It’s worth to point out that although the confusion matrices we are seeing in this presentation are color coded, this is not normal practice and they are only color coded here on this blog to help in explaining how they work.

Performance metrices

We will now look at how we typically use these four values in the Matrix to generate different measures of classifier performance. Although machine learning development frameworks automatically provide us with measures of machine learning

model performance, we should also be able to calculate these metrics from the confusion matrix so that we understand what the measures are telling us.

Accuracy

On this section we introduce accuracy, which is by far the most widely used metric used for classifiers. Accuracy is very intuitive and is simply the proportion of true or green predictions.

So the number of true predictions is the number of true negatives, plus the number of true positives. And the total number of predictions is the sum of all four entries in the confusion matrix.

Now we come back with the example for our car classifier. Using the car image classifier, we can see that accuracy is the proportion of true predictions. In this example, we have 950 correct predictions out of the total of 1000.And so this gives us an accuracy of 0.95 or 95%.

Precision

Precision is a separate metric that tells us how good we are at predicting positives. It measures the proportion of true positives we predict out of all positive predictions. Therefore, to achieve a higher precision, we want the number of false positives to be as low as possible. Another way to look at this is to understand that we will aim for a high precision when we do not want or cannot accept many false positives. Remember that a false positive is when we wrongly predict a positive.

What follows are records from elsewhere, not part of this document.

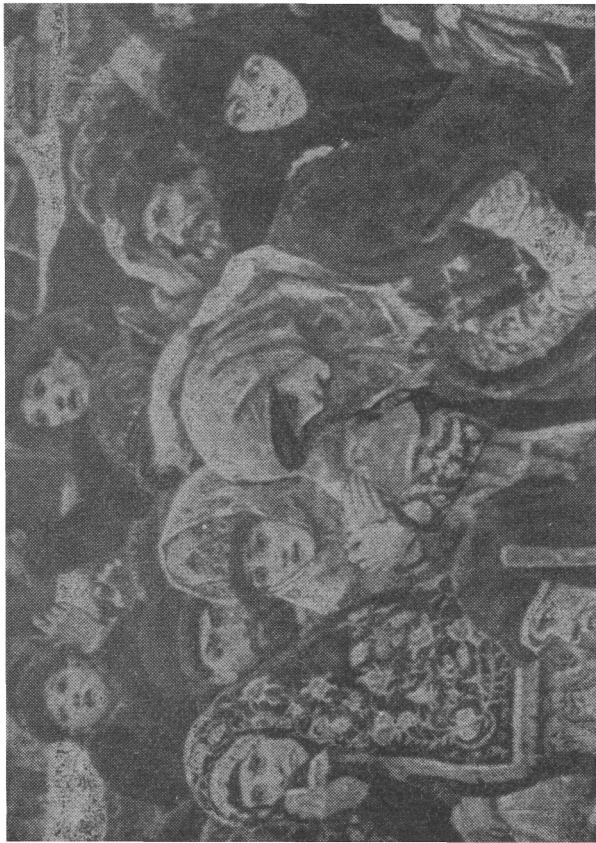
Деталь картины «Боярыня Морозова». Приверженцы Морозовой.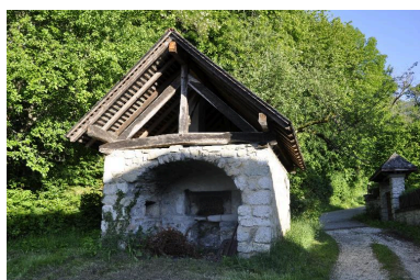
Vue du four à pain IA73003359. IVR84_20167302339NUCA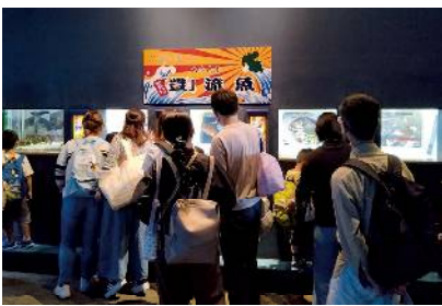
No.17 第43回全国豊かな海づくり大会 ～おんせん県おおいた大会～ 応援テーマ展示「大分県産『豊』流魚」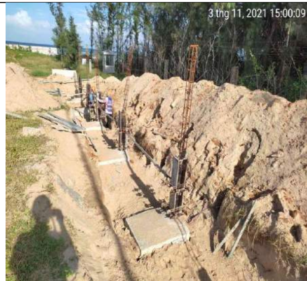
GCLD thép, cốp pha cột móng đoạn 3A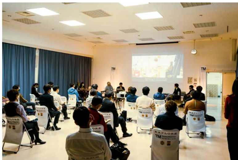
徳島県にて開催した『LOCOVISION』の様子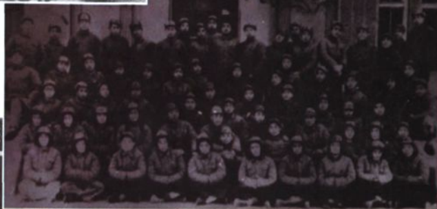
▲ 1950年，华东白求恩医学院药科四班师生合影

For instance, we predict that the image contains a car when in reality the image shows a bus.

You can imagine that in some circumstances high precision is very important. For instance, imagine we had a machine learning system that decided if you were guilty of a crime or not. Luckily, although such systems have been built and are used. So far, humans have only used them for guidance rather than allowing them to actually make decisions. As the person on trial, you would want such a system to have an extremely high or even perfect precision as you would not want it to predict you were guilty, a false positive, if there was any chance, you were not guilty.

Let’s look at an example of measuring precision for our car classifier. Using the car recognition classifier, Precision tells us how good the model is when it predicts that the image contains a car. This gives us a precision of 100 out of 130 or 0.77, which tells us that we are right 77% of the time when we predict an image as a car.

Recall (Sensitivity)

Recall or sensitivity is a separate metric that tells us how good we are at recognizing the actual positives. For a classified to do well with recall. We want the number of actual positives that are wrongly predicted to be negative, to be as low as possible. Ideally, we want all actual positives to be correctly identified.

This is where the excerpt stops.